Stored data

▬▬▬

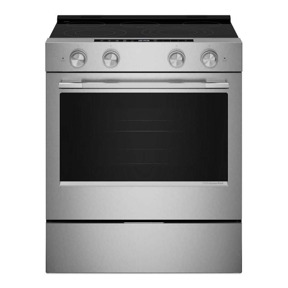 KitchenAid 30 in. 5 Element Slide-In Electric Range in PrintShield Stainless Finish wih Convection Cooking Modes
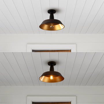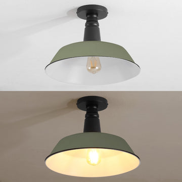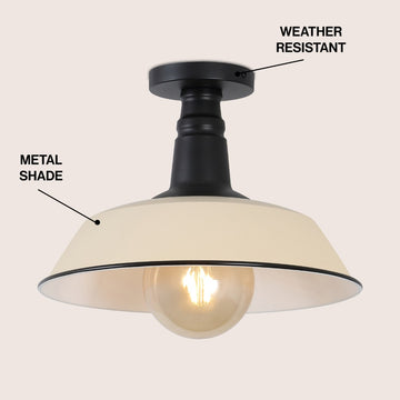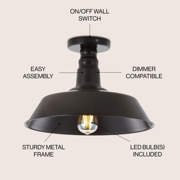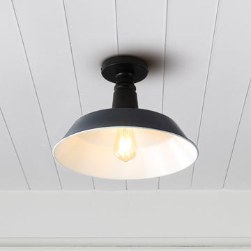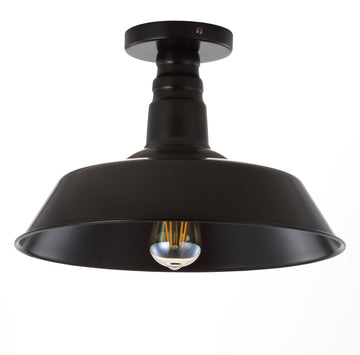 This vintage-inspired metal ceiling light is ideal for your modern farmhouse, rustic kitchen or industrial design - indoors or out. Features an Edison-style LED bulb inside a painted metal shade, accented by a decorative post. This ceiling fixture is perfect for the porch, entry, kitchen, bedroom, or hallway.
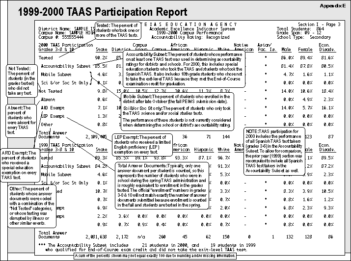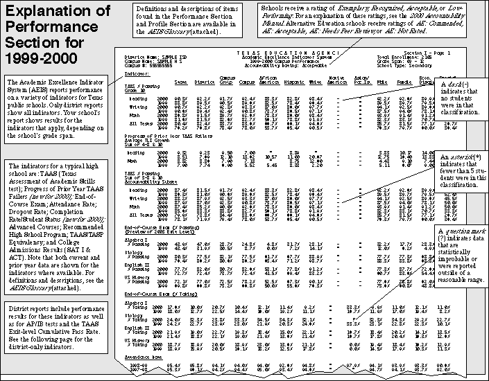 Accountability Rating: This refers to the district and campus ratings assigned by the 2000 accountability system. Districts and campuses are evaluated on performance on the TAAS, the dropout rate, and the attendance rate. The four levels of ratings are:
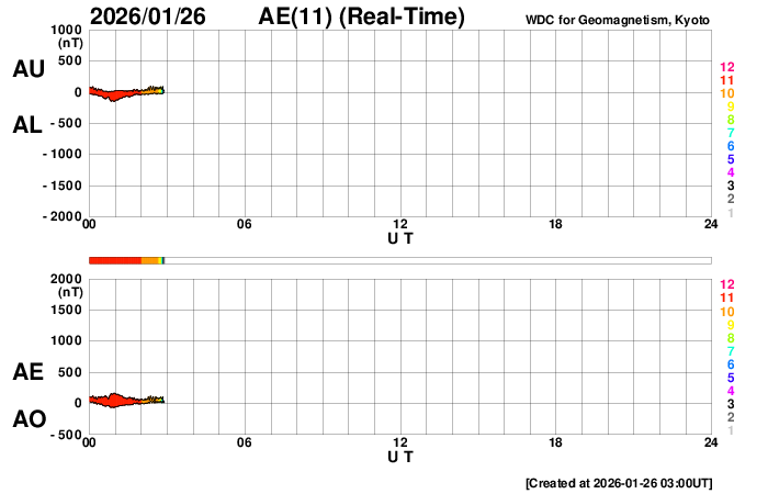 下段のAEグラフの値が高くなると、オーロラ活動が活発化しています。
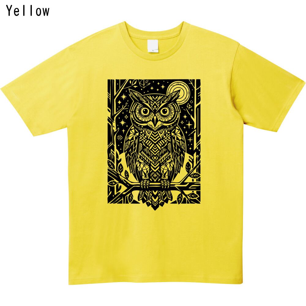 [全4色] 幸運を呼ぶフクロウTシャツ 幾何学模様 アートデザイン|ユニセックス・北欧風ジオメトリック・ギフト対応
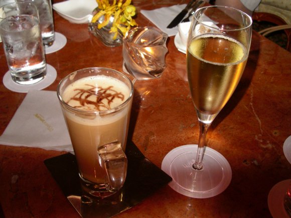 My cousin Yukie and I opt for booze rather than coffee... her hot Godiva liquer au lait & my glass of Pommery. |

▬▬▬

■ Work to complete: Working from the entries above, reproduce exactly and only the lines beginning with the line that has "Accountability Rating: This" and ending with the line that has "[全4色] 幸運を呼ぶフクロウTシャツ 幾何学模様"; omit all pictures.

■ Response to the exercise:
 Accountability Rating: This refers to the district and campus ratings assigned by the 2000 accountability system. Districts and campuses are evaluated on performance on the TAAS, the dropout rate, and the attendance rate. The four levels of ratings are:
 下段のAEグラフの値が高くなると、オーロラ活動が活発化しています。
 [全4色] 幸運を呼ぶフクロウTシャツ 幾何学模様 アートデザイン|ユニセックス・北欧風ジオメトリック・ギフト対応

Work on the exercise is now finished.